{{Infobox Resource | name = North American News Text Corpus
| path = /fs/clip-corpora/north_american_news
| owner = zeman
}}
The **North American News Text Corpus (NANTC)** is a large collection of English newswire text, published by the Linguistic Data Consortium (Graff, 1995; LDC95T21). Our copy resides in
/fs/clip-corpora/north_american_news
Note: In the following text, ''$PARSINGROOT'' is the path to your working copy of the parsing SVN repository. ''$TOOLS'' refers to ''$PARSINGROOT/tools''.
=====Corpus preprocessing=====
We have used the North American News Text Corpus as a source of large English text for the [[Self-Training|Self-Training Experiment]]. McClosky et al. (who were the first to do the experiment) say it is "24,000,000 unlabeled sentences from various news sources," and they only use the //Los Angeles Times / Washington Post// part of it.
The NANTC consists of 3602 gzipped files. When gunzipped, the total size is 1.76 GB.
The LATWP part is almost 500 MB. There are 1,746,626 SGML-marked paragraphs. I converted the SGML to plain text where each line corresponds to one paragraph:
$TOOLS/nant2txt.pl latwp.sgml > latwp.txt
There is a number of SGML entities. I do not have their definitions and thus cannot convert them to meaningful characters. But I want to get rid of them in a way that hurts parsing the least. Tokenization would split them into three tokens (''& ENTITY ;''). One token would be better. My guess is that the entities have functions similar to punctuation, so I replace them by a single dash. Only ''&'' is replaced by ''&''.
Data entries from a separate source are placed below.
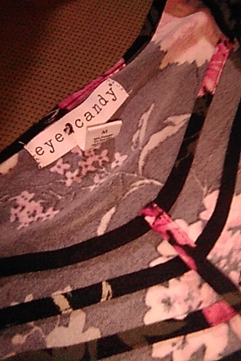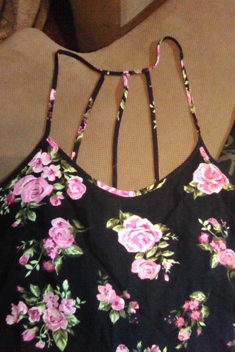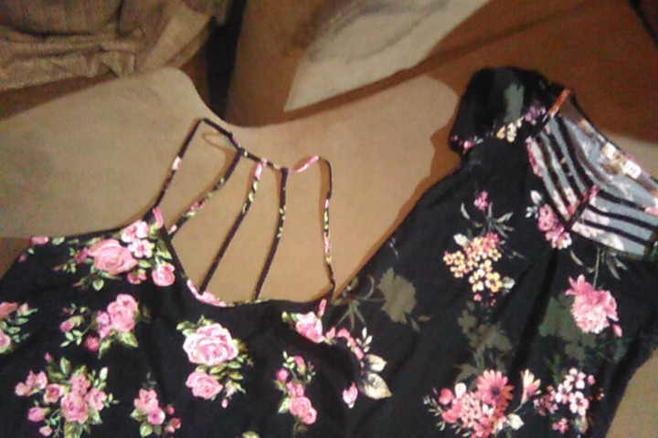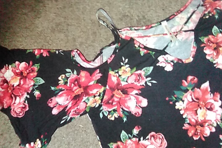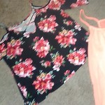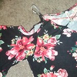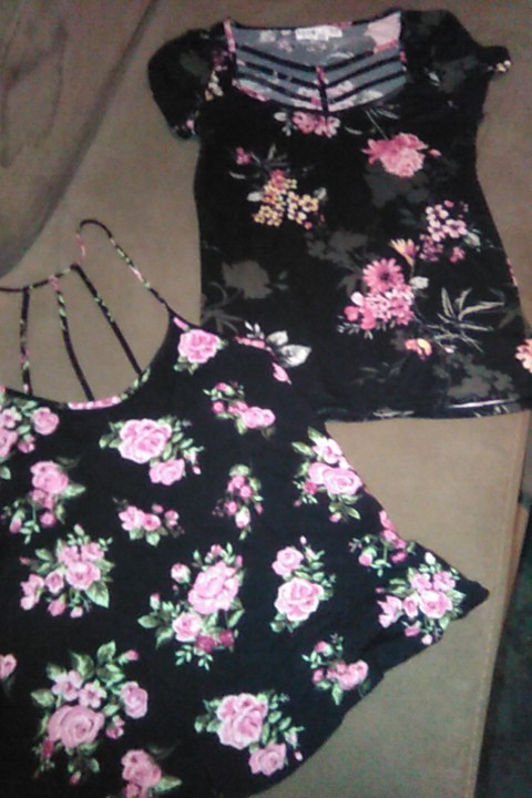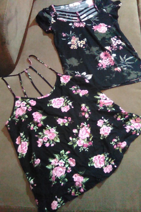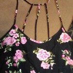 Two med black tops with pink roses on both both in great condition eye candy is brand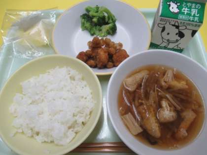 27日(火)今日の献立 公開日 2022/09/27 更新日 2022/09/27 給食室 ・ごはん ・牛乳 ・魚とひよこ豆の甘からめ ・ゆでブロッコリー ・沢煮椀 ・冷凍りんご ※11時45分、検食終了。異常ありません。 今日も美味しく出来上がっています。
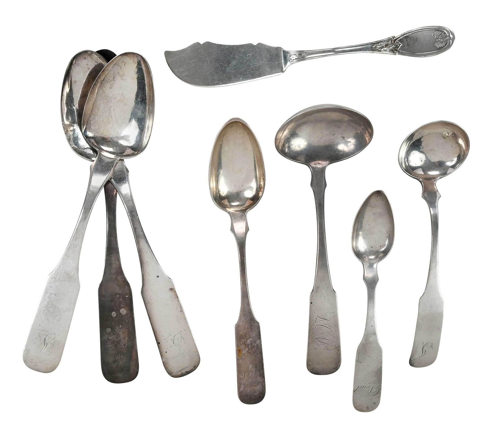 Lot 8 Silver Plated Serving Utensils ITALY+6 days Left11-piece Lot18 hrs LeftMixed Vintage Silverplate Flatware Lot Community Plate NCO Victor3 days LeftLot of (10) American Coin Silver SpoonsApr 26, 2026(12) STERLING SILVER FLATWARE & STRAINER, TIFFANY & CO., GORHAM & MOREMar 29, 2026Twenty-Five Pieces of British Sterling Flatware, 18th/19th/20th c., App. Total Sterling Wt.- 18.83Mar 27, 2026Twenty-Two Piece Group of American Coin Silver Flatware, 18th/19th c., App. Total Coin Silver Wt.-Mar 27, 202623 pcs. Early American Coin and Sterling Flatware21 hrs LeftEarly American Coin Silver "Fiddle Back" Flatware and Extras (15)Mar 28, 20269 pcs. Sterling and Coin Silver Flatware21 hrs LeftThirty-Six Piece Group of American Sterling Flatware, 19th/20th c., App. Total Sterling Wt.- 24.28Mar 27, 2026An assembled twenty nine piece group of International silver flatware, 20th centuryApr 01, 2026An assembled forty six piece American silver flatware service, 19th-20th centuryApr 01, 2026International Sterling Silver "Wild Rose" Flatware 686 GramsMar 28, 2026Dublin 1796, no maker’s mark A George III Irish sterling silver butter knife13 PIECES OF STERLING SILVER AND PLATED FLATWARE6 days Left

perl -pe 'while(s/(&\S*?;)//) { print "$1\n" } $_ = ""' < north_american_news_text.sgml | sort -u
&2$; & &Cx05; &Cx06; &Cx15; &Cx17; &Cx18; &Cx1a; &Cx1b; &D0; &D1; &D2; &D3; &D4; &FS; &G; &Gov; &Gr; &HT; &Inc; &L;
&LR; &MD; &P; &P); &QC; &QL; &QR; &Reed:Growth; &Reed:Intl; &T; &TF; &TL; &T:SmallCoGrwth; &UR; &x28; &xb0; &xb1; &xb2; &xb3; &xb4; &xb5; &xb6; &xb7; &xb8; &xb9; &xba; &xbb; &xbc; &xbd; &xbe; &xc6; &xd0; &xd7; &xde; &xe6; &xf0; &xfe;
Tokenization using ''$HIEROROOT/preprocess/tokenizeE.pl'' takes a //long time//. I modified the script to autoflush its output in the hope that I could [[ClusterExampleScripts#Automatic_Parallelization|parallelize]] it using Adam's ''$HIEROROOT/cluster_tools/parallelize.sh''. Unfortunately, the output had about 180,000 lines less than the input. I am running it again, non-parallel.
$TOOLS/tokenizeE.pl - - < latwp.txt > latwp.02.tok.txt
$TOOLS/count_words.pl < latwp.02.tok.txt
There are 90,471,928 words (token occurrences) and 442,423 word types.
Sentence boundaries are not tagged. We used a simple rule-based script to find them. Every line in its output contains exactly one sentence.
$TOOLS/find_sentences.pl < latwp.02.tok.txt > latwp.03.sent.txt
There are 3,133,554 sentences. Average number of tokens per sentence is 29 (higher than in the Penn Treebank Wall Street Journal data). There are some very long sentences: 18,222 sentences have more than 100 tokens. The longest sentence has 450 tokens.
Improved sentence delimiting (period + quote etc.):
$TOOLS/find_sentences.pl < latwp.02.tok.txt > latwp.03b.sent.txt
Now there are 3,722,125 sentences. 2,527 sentences have more than 100 tokens and 2 sentences have more than 400 tokens. We discard all sentences longer than 40 tokens and sentences containing more than 40 % of words containing dashes or numbers:
$TOOLS/discard_long_bad_sentences.pl < latwp.03b.sent.txt > latwp.04.clean.txt
The new corpus contains 61,260,818 words, 273,704 word types, and 3,143,433 sentences. The longest sentence has 40 tokens, average is 19 tokens per sentence.